Prompt:
For every record, give an exact copy that has no pictures in it.

Segment Start: Task material

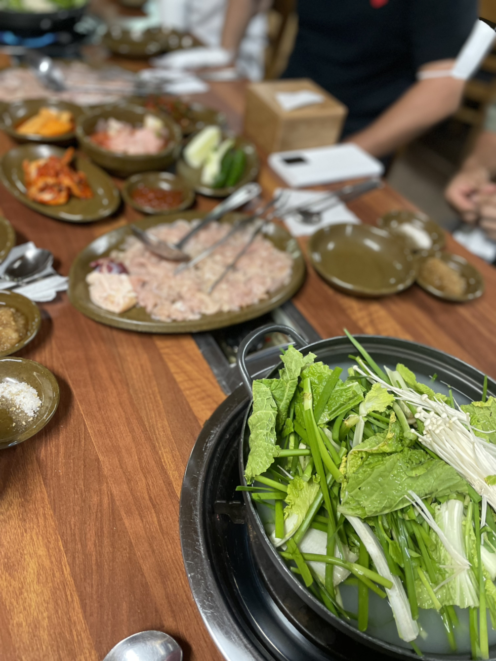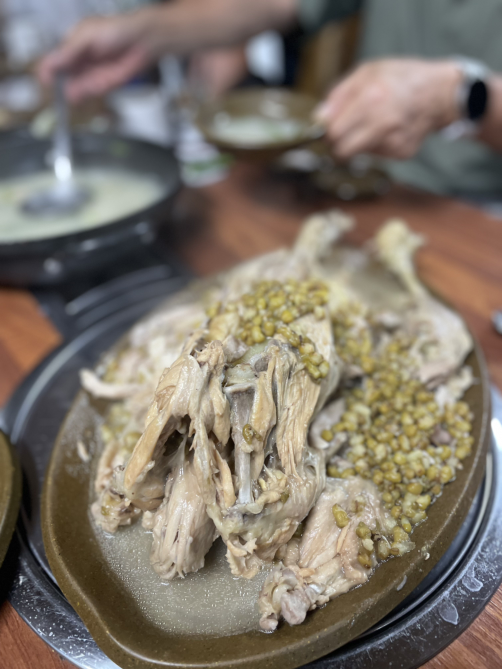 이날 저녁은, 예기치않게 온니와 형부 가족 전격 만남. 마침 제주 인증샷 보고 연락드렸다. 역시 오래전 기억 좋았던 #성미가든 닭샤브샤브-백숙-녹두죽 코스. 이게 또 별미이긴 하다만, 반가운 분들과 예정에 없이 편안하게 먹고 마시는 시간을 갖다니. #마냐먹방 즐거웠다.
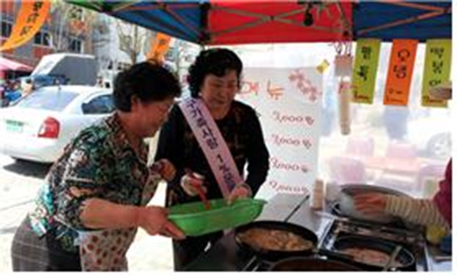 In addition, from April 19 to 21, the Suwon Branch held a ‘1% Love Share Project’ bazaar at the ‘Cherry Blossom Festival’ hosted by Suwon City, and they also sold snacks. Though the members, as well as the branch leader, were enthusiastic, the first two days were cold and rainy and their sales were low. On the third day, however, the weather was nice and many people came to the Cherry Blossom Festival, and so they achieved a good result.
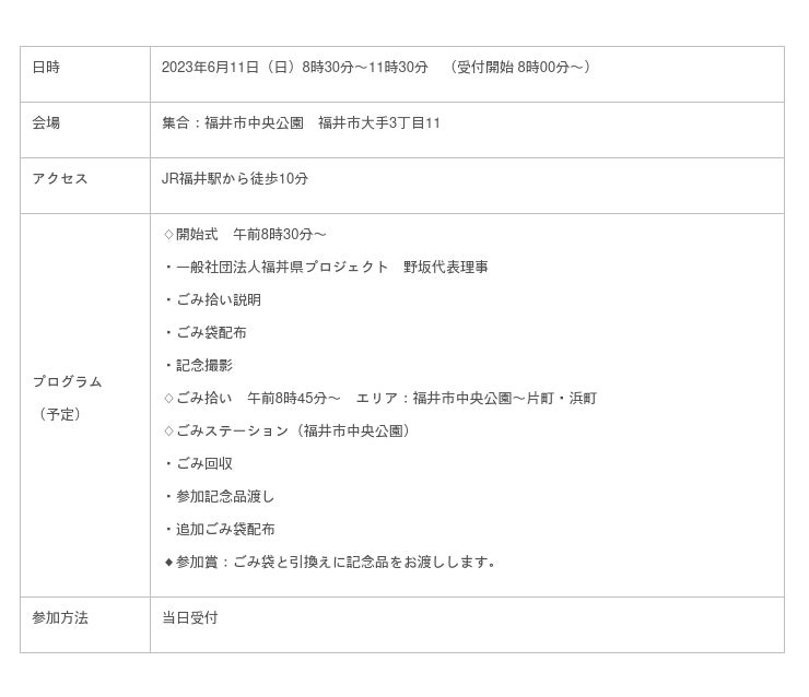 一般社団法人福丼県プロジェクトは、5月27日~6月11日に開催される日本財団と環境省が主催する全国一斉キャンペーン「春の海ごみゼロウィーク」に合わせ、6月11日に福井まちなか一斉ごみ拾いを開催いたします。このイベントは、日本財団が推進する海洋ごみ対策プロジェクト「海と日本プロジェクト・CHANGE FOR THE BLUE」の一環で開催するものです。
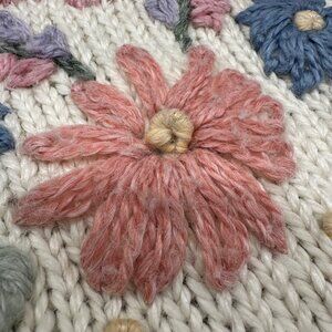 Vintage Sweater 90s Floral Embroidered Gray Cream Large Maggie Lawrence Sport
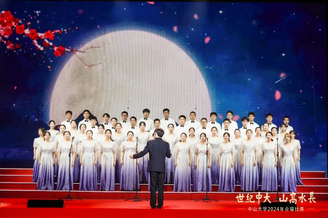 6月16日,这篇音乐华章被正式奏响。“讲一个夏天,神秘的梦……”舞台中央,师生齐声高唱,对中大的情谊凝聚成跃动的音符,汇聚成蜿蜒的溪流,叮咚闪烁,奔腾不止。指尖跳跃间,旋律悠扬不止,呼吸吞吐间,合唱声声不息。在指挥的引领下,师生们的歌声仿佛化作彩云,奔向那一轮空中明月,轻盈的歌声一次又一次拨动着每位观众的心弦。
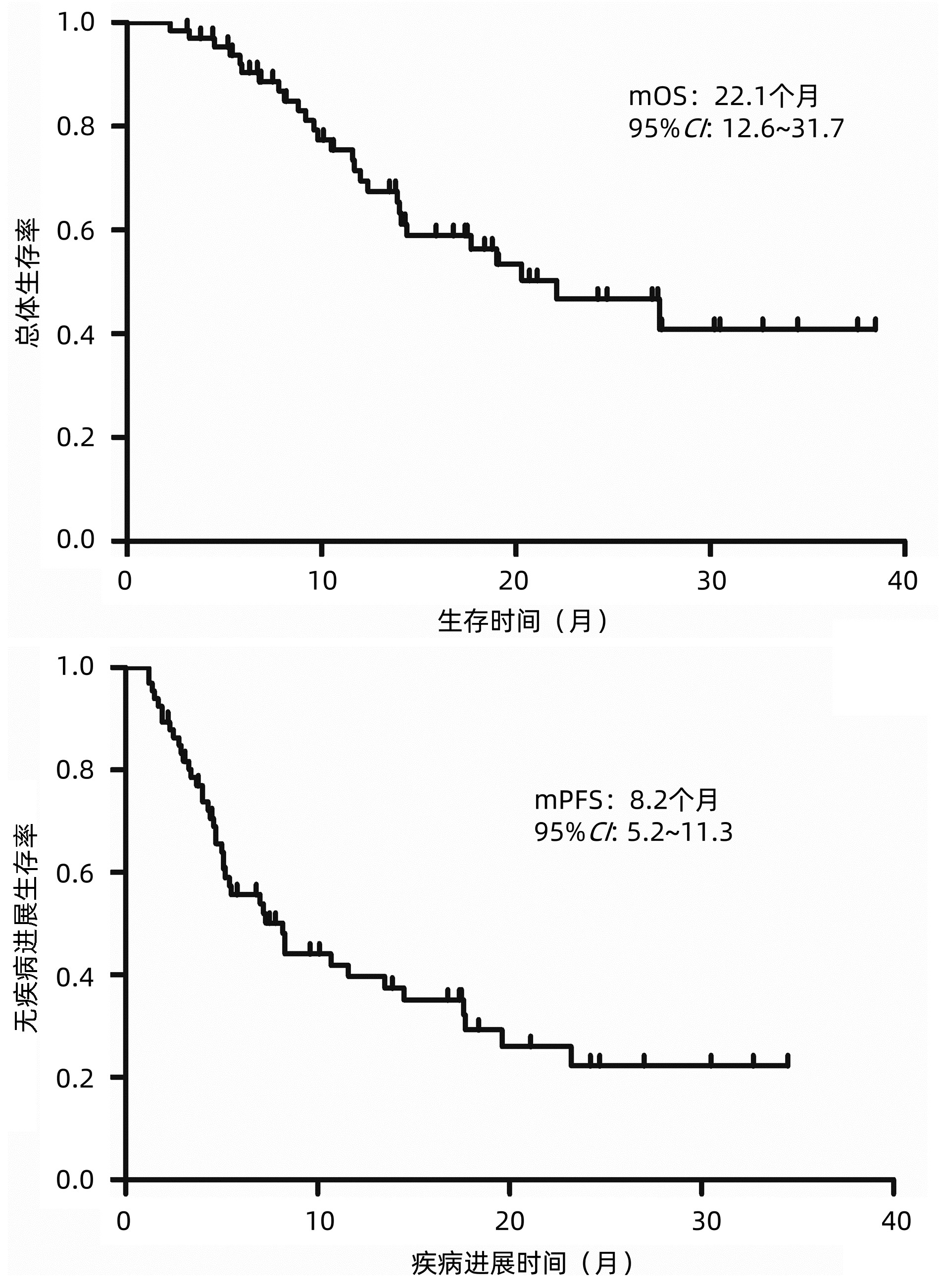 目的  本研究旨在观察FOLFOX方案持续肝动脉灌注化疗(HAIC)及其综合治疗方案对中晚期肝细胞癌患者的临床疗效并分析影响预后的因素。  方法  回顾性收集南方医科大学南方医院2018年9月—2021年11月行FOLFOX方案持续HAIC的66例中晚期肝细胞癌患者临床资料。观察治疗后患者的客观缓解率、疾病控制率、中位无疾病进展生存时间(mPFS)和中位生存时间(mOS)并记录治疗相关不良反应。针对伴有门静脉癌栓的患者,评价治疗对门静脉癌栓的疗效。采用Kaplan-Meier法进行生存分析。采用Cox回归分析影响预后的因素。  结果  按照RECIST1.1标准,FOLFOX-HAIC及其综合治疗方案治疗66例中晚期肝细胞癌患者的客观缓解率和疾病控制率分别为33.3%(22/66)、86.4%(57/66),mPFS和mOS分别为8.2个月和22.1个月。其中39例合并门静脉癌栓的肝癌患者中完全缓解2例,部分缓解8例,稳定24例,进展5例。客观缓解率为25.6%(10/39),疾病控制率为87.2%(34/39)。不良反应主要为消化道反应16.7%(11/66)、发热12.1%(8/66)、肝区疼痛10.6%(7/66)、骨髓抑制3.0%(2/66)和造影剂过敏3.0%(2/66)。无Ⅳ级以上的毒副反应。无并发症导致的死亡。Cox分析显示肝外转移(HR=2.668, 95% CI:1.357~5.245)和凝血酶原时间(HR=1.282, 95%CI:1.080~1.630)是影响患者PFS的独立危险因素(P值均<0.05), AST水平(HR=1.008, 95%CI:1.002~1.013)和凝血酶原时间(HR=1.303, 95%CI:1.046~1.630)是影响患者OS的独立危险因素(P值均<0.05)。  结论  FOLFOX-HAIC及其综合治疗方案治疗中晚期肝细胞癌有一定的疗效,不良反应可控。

Segment End: Task material

Answer to the exercise:
 이날 저녁은, 예기치않게 온니와 형부 가족 전격 만남. 마침 제주 인증샷 보고 연락드렸다. 역시 오래전 기억 좋았던 #성미가든 닭샤브샤브-백숙-녹두죽 코스. 이게 또 별미이긴 하다만, 반가운 분들과 예정에 없이 편안하게 먹고 마시는 시간을 갖다니. #마냐먹방 즐거웠다.
 In addition, from April 19 to 21, the Suwon Branch held a ‘1% Love Share Project’ bazaar at the ‘Cherry Blossom Festival’ hosted by Suwon City, and they also sold snacks. Though the members, as well as the branch leader, were enthusiastic, the first two days were cold and rainy and their sales were low. On the third day, however, the weather was nice and many people came to the Cherry Blossom Festival, and so they achieved a good result.
 一般社団法人福丼県プロジェクトは、5月27日~6月11日に開催される日本財団と環境省が主催する全国一斉キャンペーン「春の海ごみゼロウィーク」に合わせ、6月11日に福井まちなか一斉ごみ拾いを開催いたします。このイベントは、日本財団が推進する海洋ごみ対策プロジェクト「海と日本プロジェクト・CHANGE FOR THE BLUE」の一環で開催するものです。
 Vintage Sweater 90s Floral Embroidered Gray Cream Large Maggie Lawrence Sport
 6月16日,这篇音乐华章被正式奏响。“讲一个夏天,神秘的梦……”舞台中央,师生齐声高唱,对中大的情谊凝聚成跃动的音符,汇聚成蜿蜒的溪流,叮咚闪烁,奔腾不止。指尖跳跃间,旋律悠扬不止,呼吸吞吐间,合唱声声不息。在指挥的引领下,师生们的歌声仿佛化作彩云,奔向那一轮空中明月,轻盈的歌声一次又一次拨动着每位观众的心弦。
 目的  本研究旨在观察FOLFOX方案持续肝动脉灌注化疗(HAIC)及其综合治疗方案对中晚期肝细胞癌患者的临床疗效并分析影响预后的因素。  方法  回顾性收集南方医科大学南方医院2018年9月—2021年11月行FOLFOX方案持续HAIC的66例中晚期肝细胞癌患者临床资料。观察治疗后患者的客观缓解率、疾病控制率、中位无疾病进展生存时间(mPFS)和中位生存时间(mOS)并记录治疗相关不良反应。针对伴有门静脉癌栓的患者,评价治疗对门静脉癌栓的疗效。采用Kaplan-Meier法进行生存分析。采用Cox回归分析影响预后的因素。  结果  按照RECIST1.1标准,FOLFOX-HAIC及其综合治疗方案治疗66例中晚期肝细胞癌患者的客观缓解率和疾病控制率分别为33.3%(22/66)、86.4%(57/66),mPFS和mOS分别为8.2个月和22.1个月。其中39例合并门静脉癌栓的肝癌患者中完全缓解2例,部分缓解8例,稳定24例,进展5例。客观缓解率为25.6%(10/39),疾病控制率为87.2%(34/39)。不良反应主要为消化道反应16.7%(11/66)、发热12.1%(8/66)、肝区疼痛10.6%(7/66)、骨髓抑制3.0%(2/66)和造影剂过敏3.0%(2/66)。无Ⅳ级以上的毒副反应。无并发症导致的死亡。Cox分析显示肝外转移(HR=2.668, 95% CI:1.357~5.245)和凝血酶原时间(HR=1.282, 95%CI:1.080~1.630)是影响患者PFS的独立危险因素(P值均<0.05), AST水平(HR=1.008, 95%CI:1.002~1.013)和凝血酶原时间(HR=1.303, 95%CI:1.046~1.630)是影响患者OS的独立危险因素(P值均<0.05)。  结论  FOLFOX-HAIC及其综合治疗方案治疗中晚期肝细胞癌有一定的疗效,不良反应可控。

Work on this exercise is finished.